Светлый фон

* * *

Сразу по прибытии в отель мне встречается слово «мать» в таком значении, которое почти никакой североевропеец не в силах постичь.

– Моя мать готовит, – говорит хозяин отеля таким тоном, как будто она готовит лучше любого мишленовского повара.

Ударение сделано не на «моя», а именно на «мать», как будто она – мать всех матерей.

– Можно мне лимон для отбивных?

– Попробуйте сначала, моя, – пауза, – мать! Уже замариновала отбивные.

На следующее утро он спешит от стойки регистрации к буфету:

– Пирог приготовила моя, – пауза, – мать!

– Ах, тогда я возьму два или три кусочка с собой, если можно.

– Моя, – пауза, – мать будет очень рада! – улыбается хозяин.

Хозяин отеля старше меня – это важно отметить, – и, как и все настоящие южные мужчины, он остался маменькиным сынком – а это значит, что его матери должно быть далеко за семьдесят, однако она по-прежнему с раннего утра до позднего вечера стоит на кухне. Вся семья работает в отеле: жена, брат, невестка, а дети (или это уже внуки?) раскладывают свои игрушки в холле, но без – пауза – матери (!) на кухне этот отель был бы вдвое менее значимым.

Кафка, который задолго до мусульман привнес Восток в Германию, однажды заметил, что немецкий язык мешал ему любить свою мать так, как она того заслуживала, – мол, немецкое слово «мать» несет в себе не только христианское сияние, но и христианский холод; еврейская женщина, именуемая словом «мать», становится из-за этого не только комичной, но и чужой. Эта «холодность» скорее протестантская, северная, немецкая, а не христианская в целом. Парадокс неразрешим: мать возводят на пьедестал именно там, где женщина ценится меньше мужчины или вовсе ничего не стоит – например, в католицизме, который при этом искренне чтит Богоматерь. Протестантизм же провозгласил равенство полов и тем самым лишил Богоматерь своего особого положения и даже всякого уважения, а Бога – его женственного начала.

229

В четверти часа ходьбы от парковки мы оставляем позади последних нудистов. Пляж тянется вдоль высокой скалы, и вокруг ничего не нарушает вид: ни машины, ни дороги, ни дома.

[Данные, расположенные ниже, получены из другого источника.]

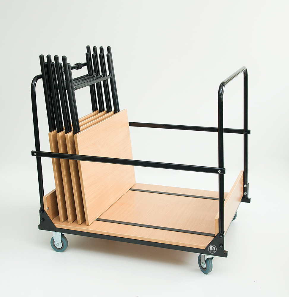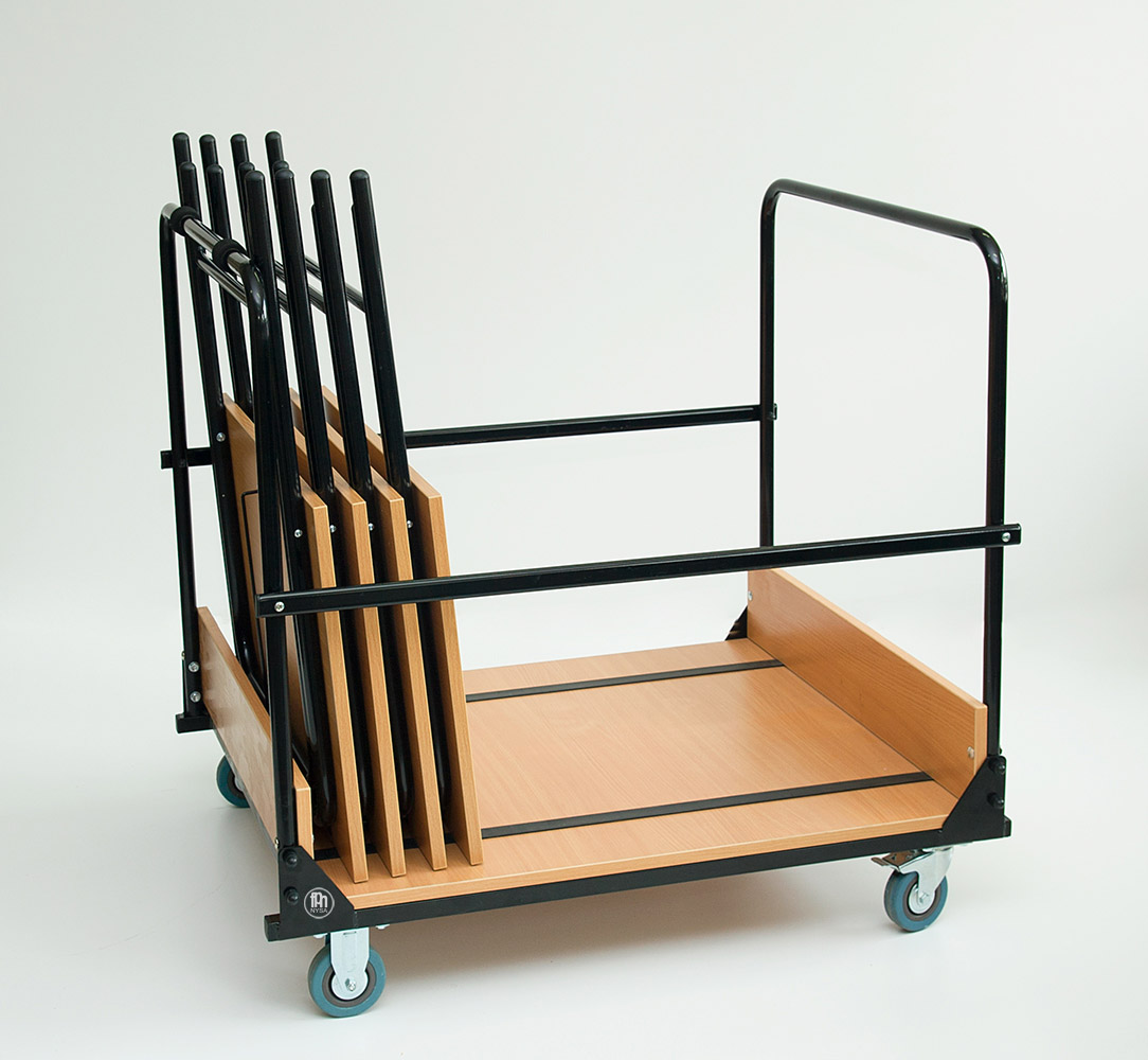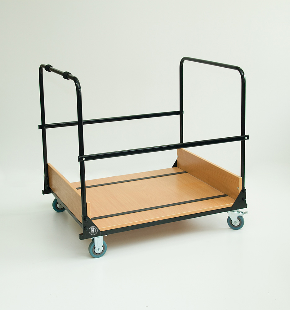 Wózek do transportu stołów egzaminacyjnych - stelażowy wózek, zaopatrzony w cztery solidne koła o śred. 100 mm (dwa stałe i dwa obrotowe - w tym jedno z hamulcem), idealny do swobodnego przewożenia stołów egzaminacyjnych naszej produkcji . Niezbędny zwłaszcza tam, gdzie wymagany jest szybki transport stolików między salami. Dodatkowo posiada możliwość złożenia go do transportu lub w celu przechowania przy dłuższym okresie nieużytkowania.

Только песок, море, птицы и бурые скалы. Люди нужны здесь лишь для того, чтобы кто-то мог оценить эту красоту.

Двадцать-тридцать минут спустя мы бредем по щиколотку в воде и вдруг замечаем несколько потрепанных лежаков и зонтиков – они явно пережили не один туристический сезон. Стоящая рядом деревянная табличка гласит, что ими можно пользоваться бесплатно, если позвонить по указанному номеру и заказать напитки или еду. Робинзон Крузо, наверное, удивился бы не меньше нашего. Мы звоним по указанному номеру и ждем под одним из зонтиков. Вскоре к нам ловко спускается по скалам почти беззубый старик и достает из сумки-холодильника сэндвичи и напитки. Потом мы остаемся лежать на пляже – впервые за много лет проводим целый день у моря: я – с Эрнстом Юнгером в окопах, мой сын – с борьбой с изменением климата.